An Aside on Alpha Stable Distributions

Alpha-stable distributions are a fascinating family of distributions. Some basic practices of statistics like hypothesis testing likely wouldn't exist if there were no $\alpha$-stable distributions (we'll see why as we continue). This notebook will serve as an extremely brief introduction and "learning by doing" exercise, particularly focused on Python implementations of this family of distributions.

Whenever possible I will draw discussion from external (open) sources, and focus energy and time on code.

A Lightning Intro

Let's start with a quick description from wikipedia:

In probability theory, a distribution or a random variable is said to be stable if a linear combination of two independent copies of a random sample has the same distribution, up to location and scale parameters. The stable distribution family is also sometimes referred to as the Lévy alpha-stable distribution, after Paul Lévy, the first mathematician to have studied it.

More description from U Huntsville's great Random online notes, specifically the stable distribution section:

Stable distributions are an important general class of probability distributions on $\mathbb{R}$ that are defined in terms of location-scale transformations. Stable distributions occur as limits (in distribution) of scaled and centered sums of independent, identically distributed variables. Such limits generalize the central limit theorem, and so stable distributions generalize the normal distribution in a sense. The pioneering work on stable distributions was done by Paul Lévy.

...

Recall that two distributions on $\mathbb{R}$ that are related by a location-scale transformation are said to be of the same type, and that being of the same type defines an equivalence relation on the class of distributions on $\mathbb{R}$. With this terminology, the definition of stability has a more elegant expression: X has a stable distribution if the sum of a finite number of independent copies of X is of the same type as X.

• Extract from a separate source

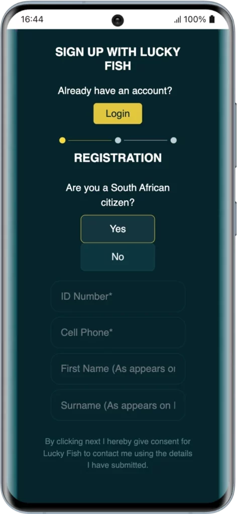 Visit the official Lucky Fish website, click “Join Now,” and provide your South African ID number and mobile details to create your account.

This family of distributions is defined by four parameters, which have a variety of different names depending on the text you reference. To be consistent with Dominicy and Veredas, I'll use the following:

  • $\alpha \in (0,2]$, is the "tail index:" it measures the thickness of tails of the distribution.
    • Also called the "characteristic index," "stability index," or the first shape parameter.
    • Governs existence of moments: $\mathbb{E} \left[ X^{p} \right] \lt \infty \textrm{, } \forall p \lt \alpha$.
    • Note this implies moments greater than 2 don't exist. (In fact it turns out that only the Normal distribution, a special case of the stable family, will have finite variance. Very interesting.)
  • $\beta \in [-1,1]$ is the "skewness" parameter.
    • $\beta < 0 \rightarrow $ left-skewed (left-asymmetric), while $\beta > 0 \rightarrow $ right-skewed (right-asymmetric).
    • Also referred to as the second shape parameter.
    • Note: as $\alpha \rightarrow 2, \beta$ become unidentifies; for $\alpha = 2$ the distribution is Normal and $\beta$ is ignored.
  • $\sigma \in \mathbb{R}^{+}$ is the "scale" or "dispersion" parameter
  • $\mu \in \mathbb{R}$ is the location parameter

An instance of this family may be denoted $S(\alpha, \beta, \sigma, \mu)$. Be careful about the last two $\sigma$ and $\mu$ parameters -- these do not correspond immediately to typical mean and variance. For example, for normal distribution special case, $2 \sigma^{2}_{stable} = \sigma^{2}_{normal}$.

There are three special cases of the family of stable distributions:

  • Normal: $S(\alpha=2, \beta=NA, \frac{\sigma}{\sqrt{2}}, \mu) \rightarrow \mathscr{N}(\mu, \sigma^2)$
  • Cauchy: $S(\alpha=1, \beta=0, \sigma, \mu)$
  • Levy: $S(\alpha=0.5, \beta=1, \sigma, \mu)$

Directly quoting Domicy and Veredas again:

"A related property of the $\alpha$-stable distribution is that it is a domain of attraction – this is often known as the Generalized Central Limit Theorem – which states that the only distribution that arises as limit from sums of i.i.d. random variables (suitably scaled and centered) is the $\alpha$-stable distribution."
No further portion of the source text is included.